Three takeaways from Louisville’s harder-than-expected 24-14 win over visiting Duke on Friday night at Papa John’s Cardinal Stadium.
1. A flat Friday performance for the Cardinals
Two weeks from that wild oh-so-close loss at now No. 3 Clemson, and a week after an off date, the No. 7 Cardinals were just a little off their game from start to finish.
Averaging 58 points per game, they scored just 10 points the first half. In the third quarter, Jaire Alexander’s 90-yard punt return for a touchdown was erased by an illegal block penalty. As the Cards appeared to be headed for a score later in the third quarter, Brandon Radcliff fumbled away the football at Duke’s five-yard line.
U of L’s Evan O’Hara missed field goals of 42 and 46 yards. Duke was called for roughing the kicker on the latter, however. Two plays after that call, Lamar Jackson went two yards for the TD with 1:32 left that sealed the Louisville win.
Remember, Louisville was a 34-point favorite over the Blue Devils. Had Jeremy Smith not tiptoed down the left sideline for an 80-yard touchdown run -- three plays after the officials ruled that tight end Cole Hikutini’s progress had been stopped before he lost the ball on a fumble -- the Cards could have been very easily upset.
“I am proud of our team sticking together, working hard and grinding out a win,” said U of L coach Bobby Petrino afterward. “Sometimes you just have to grind it out.”
2. David Cutcliffe knows how to coach
That isn’t exactly secret. The former Tennessee offensive coordinator and Ole Miss head coach is regarded as one of the better tacticians in the game. He has built a successful football program at Duke, a school that has had very little success in football over the years.
Friday night, Cutcliffe executed a game plan that kept the ball away from Louisville’s dynamic offense.
Through three quarters, Louisville had run 48 plays, Duke 42. But Duke’s time of possession was 27:46 to just 17:14 for Bobby Petrino’s team.
Down 17-7 in the fourth quarter, Cutcliffe called a wonderful 15-play, 75-yard drive capped when quarterback Daniel Jones hit an open Johnathan Lloyd in the left corner of an end zone for a 20-yard touchdown.
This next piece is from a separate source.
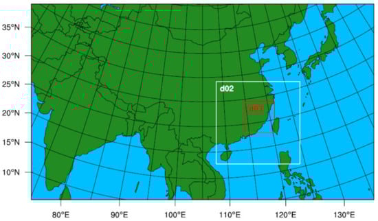 The WRF was continuously updated, and the latest version was 4.2.1 released in 2020. The version 3.8.1 of WRF was utilized in this study. Three domains with a grid spacing of 27 (d01), 9 (d02), and 3 km (d03) and domain sizes of 288 × 165, 211 × 208, and 220 × 232, respectively, were configured for the WRF simulation (Figure 2).

That cut U of L’s lead to 17-14.
“You have top take your hat off to Duke and their gameplan,” said Petrino, who admitted the limited possessions changed the way he called the game. “We probably didn’t take as many shots down the field.”
3. Louisville’s high-powered offense more pop-gun in first half
The Cardinals started strong, taking the opening kickoff and marching 80 yards in 10 plays with Jackson finding Jaylen Smith for a five-yard score. After that, however, the home team went punt, field goal, punt, punt. It was not what U of L fans had been accustomed to seeing.
Leading the nation in total offense at 659.2 yards per game, Louisville gained just 212 yards in the first half but scored just 10 points. Jackson had runs of 17, 12 and 10 yards but the Cards had a difficult time keeping a consistent drive going.
Just before the end of the first quarter, Louisville had a first-and-goal at the Duke six-yard line. Jackson rushed for two yards on first down, but the quarterback was dropped for a yard loss on second down. On third down, Jackson’s pass for Traveon Samuel at the goal line fell incomplete. Evan O’Hara had to come on kick a 22-yard field for a 10-7 Louisville lead with 14:51 left in the first half.